A1, performing feature processing on the spliced feature map through a first Conv+ InstanceNorm normalization and ReLU activation function layer by adopting a computer to obtain a fusion coding feature map;

and A2, performing feature processing on the fusion coding feature map through a second Conv+ InstanceNorm normalization and ReLU activation function layer by adopting a computer to obtain a fused scale feature map.
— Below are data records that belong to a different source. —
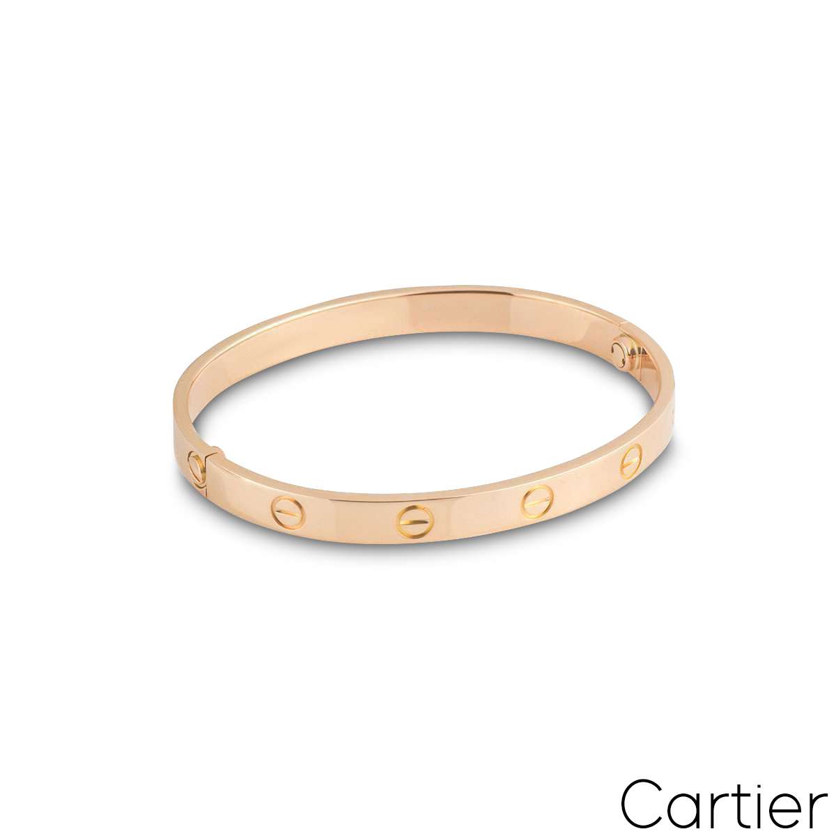 An 18k rose gold Cartier bracelet from the Love collection. The bracelet comprises of the iconic screw motifs around the outer edge. The bracelet is a size 15 and features the new style screw system with a gross weight of 26. grams.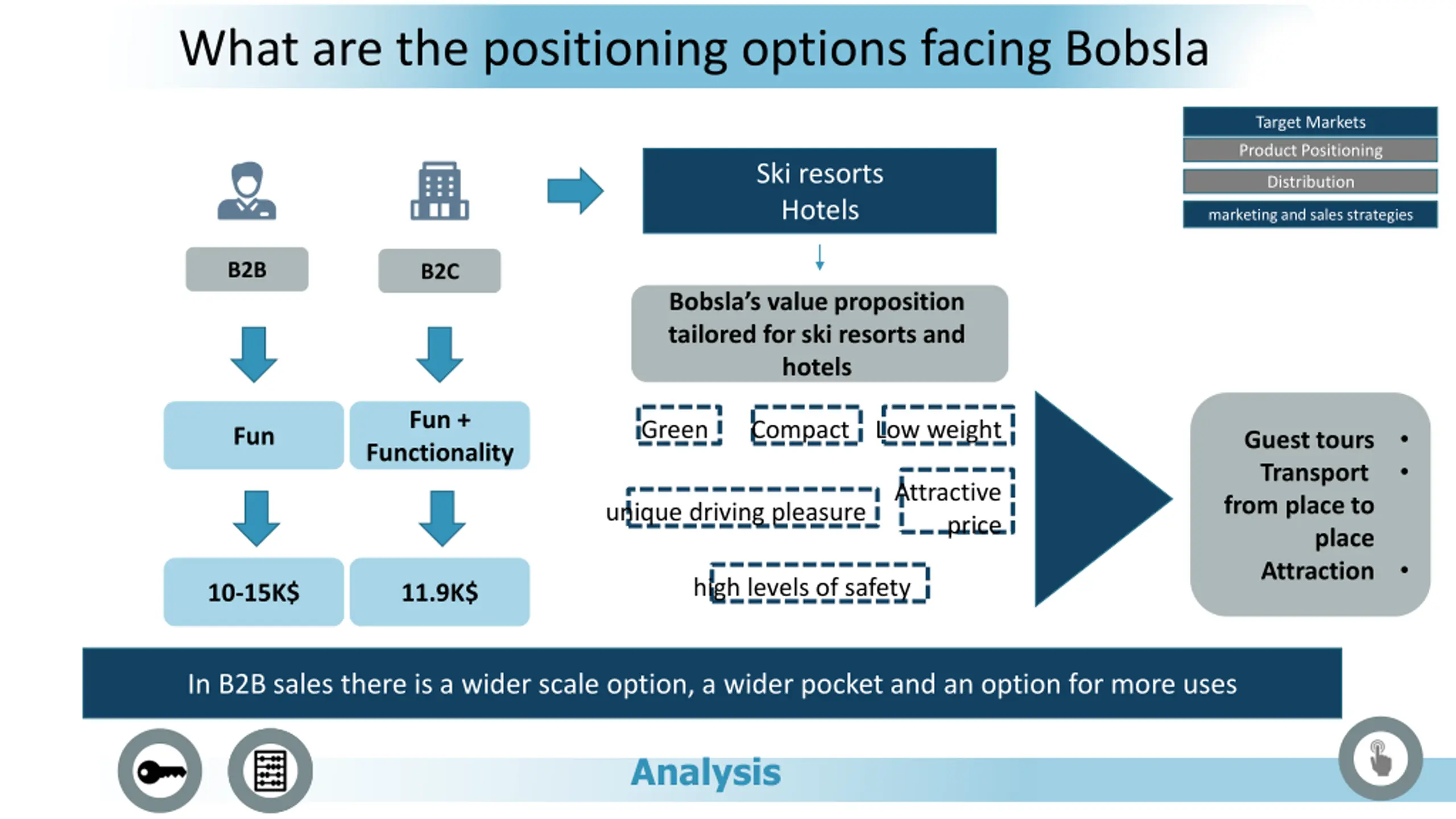 What are the positioning options facing Bobsla Target Markets Product Positioning Ski resorts Hotels Distribution marketing and sales strategies B2B B2C Bobsla s value proposition tailored for ski resorts and hotels Fun + Green Compact Low weight Fun Guest tours Transport from place to Functionality Attractive price unique driving pleasure place Attraction high levels of safety 10-15K$ 11.9K$ In B2B sales there is a wider scale option, a wider pocket and an option for more uses Analysis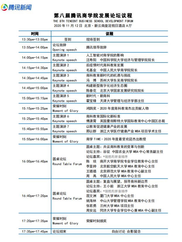 第八届腾讯商学院发展论坛议程
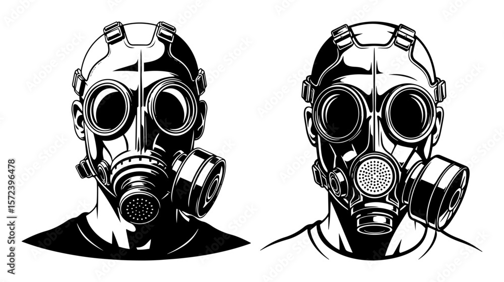 Samolepka man in gas mask respirator post-apocalyptic vector illustration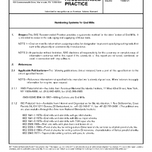 This SAE Recommended Practice provides a systematic method for the identification of End Mills. It is intended to assist in the cataloging and supplying of these tools.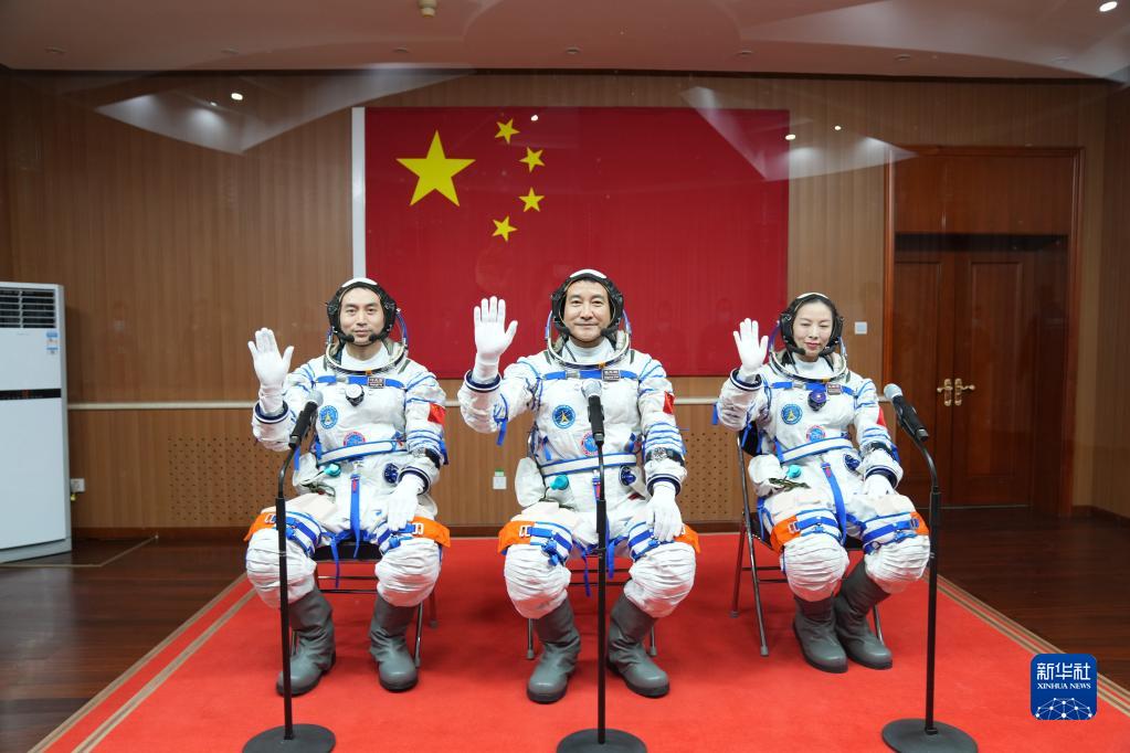 “總指揮長同志,我們奉命執(zhí)行神舟十三號載人飛行任務,準備完畢,請指示!”身著白色的艙內航天服,翟志剛敬禮報告。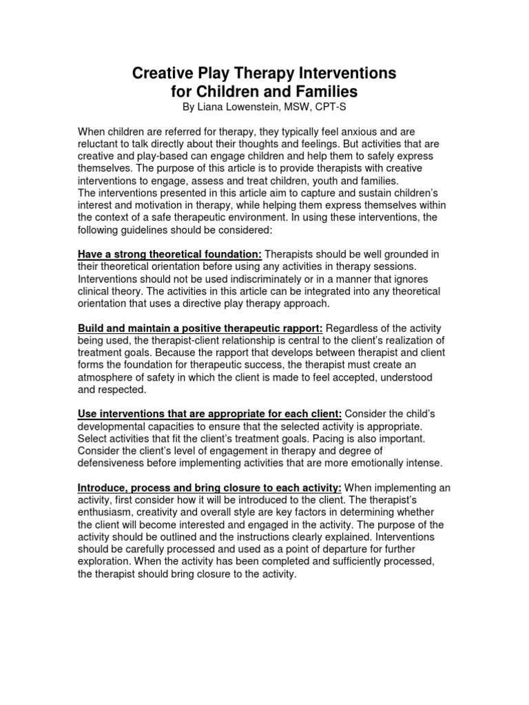 Liana Lowenstein Article Pdf Play Therapy Psychotherapy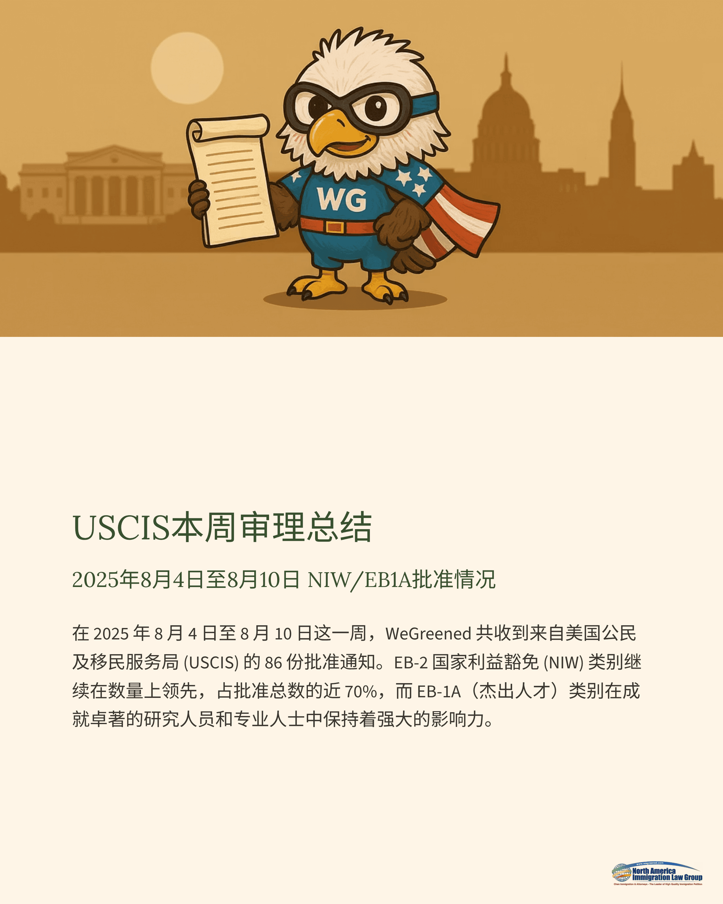 USCIS本周审理总结:2025年8月4日至8月10日 NIW/EB1A批准情况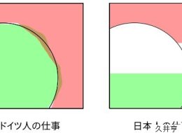 しばらくフランクフルトで働いてみて、なんとなくドイツ人と日本人の仕事のやり方の違いがつかめてきたような気がするので絵に描いてみた。一言で言うとドイツ人の仕事は雑だ。でも、まわりの人はそれを補ったりあるいは受け入れたりする。決してモラルが低いわけではないけど、ただ自分がいい加減な分他人にもそこまで求めないし、困ったら助け合えばいいと普通に思っている。

The single image defogging method based on multi-teacher knowledge distillation is characterized by comprising the following steps of: in step 305, a computer is used to extract features of the fourth scale feature map F _e4 through the first decoding network model to obtain a first decoding feature map F _d1, which specifically includes the following steps:

step 3051, performing feature extraction on the fourth scale feature map F _e4 by using a computer through a PA-based RDB module in the first decoding network model to obtain a first pre-decoding feature map;

Step 3052, inputting the first pre-decoding feature map into another PA-based RDB module in the first decoding network model by the computer to perform feature extraction, so as to obtain a first decoding feature map F _d1;

step 306, the specific process is as follows:

Step 3061, performing feature extraction on the first decoded feature map F _d1 through a first transposed convolutional layer by using a computer to obtain a first decoded first upsampled feature map;

Step 3062, performing feature extraction on the first decoded first upsampled feature map through two PA-based RDB modules in the second decoding network model by using a computer to obtain a first intermediate feature map;

step 3063, performing 2 times up-sampling processing on the first decoding feature map F _d1 by adopting a computer to obtain a first decoding second up-sampling feature map;

Step 3064, a computer is adopted to call a splicing cat function module to splice the first intermediate feature map and the first decoding second up-sampling feature map, so as to obtain a first decoding splicing feature map;

step 3065, inputting the first decoding spliced feature map into a feature fusion module in a second decoding network model by adopting a computer to obtain a second decoding feature map F _d2;

step 307, the specific process is as follows:

Step 3071, using a computer to perform feature extraction on the second decoded feature map F _d2 through a second transposed convolutional layer to obtain a second decoded first upsampled feature map;

step 3072, performing feature extraction on the second decoded first upsampled feature map by using a computer through two PA-based RDB modules in the third decoding network model to obtain a second intermediate feature map;

3073, performing 4 times up-sampling on the first decoding feature map F _d1 by adopting a computer to obtain a second decoding second up-sampling feature map;

performing 2 times up-sampling on the second decoding feature map F _d2 to obtain a second decoding third up-sampling feature map;

Step 3074, calling a splicing cat function module by a computer to splice the second intermediate feature map, the second decoding second up-sampling feature map and the second decoding third up-sampling feature map to obtain a second decoding splicing feature map;

Step 3075, inputting the second decoding spliced feature map into a feature fusion module in a third decoding network model by adopting a computer to obtain a third decoding feature map F _d3;

Step 308, the specific process is as follows:

Step 3081, performing feature extraction on the third decoded feature map F _d3 through a third transposed convolutional layer by using a computer to obtain a third decoded first upsampled feature map;

Step 3072, performing feature extraction on the third decoded first upsampled feature map by using a computer through two PA-based RDB modules in the fourth decoding network model to obtain a third intermediate feature map;

3073, performing 8 times up-sampling on the first decoding feature map F _d1 by adopting a computer to obtain a third decoding second up-sampling feature map;

performing 4 times up-sampling on the second decoding feature map F _d2 to obtain a third up-sampling feature map for third decoding;

Performing 2 times up-sampling on the third decoding feature map F _d3 to obtain a third decoding fourth up-sampling feature map;

Step 3074, calling a splicing cat function module by a computer to splice the third intermediate feature map, the third decoding second up-sampling feature map, the third decoding third up-sampling feature map and the third decoding fourth up-sampling feature map to obtain a third decoding splicing feature map;

And 3075, inputting the third decoding spliced feature map into a feature fusion module in a third decoding network model by adopting a computer to obtain a fourth decoding feature map F _d4.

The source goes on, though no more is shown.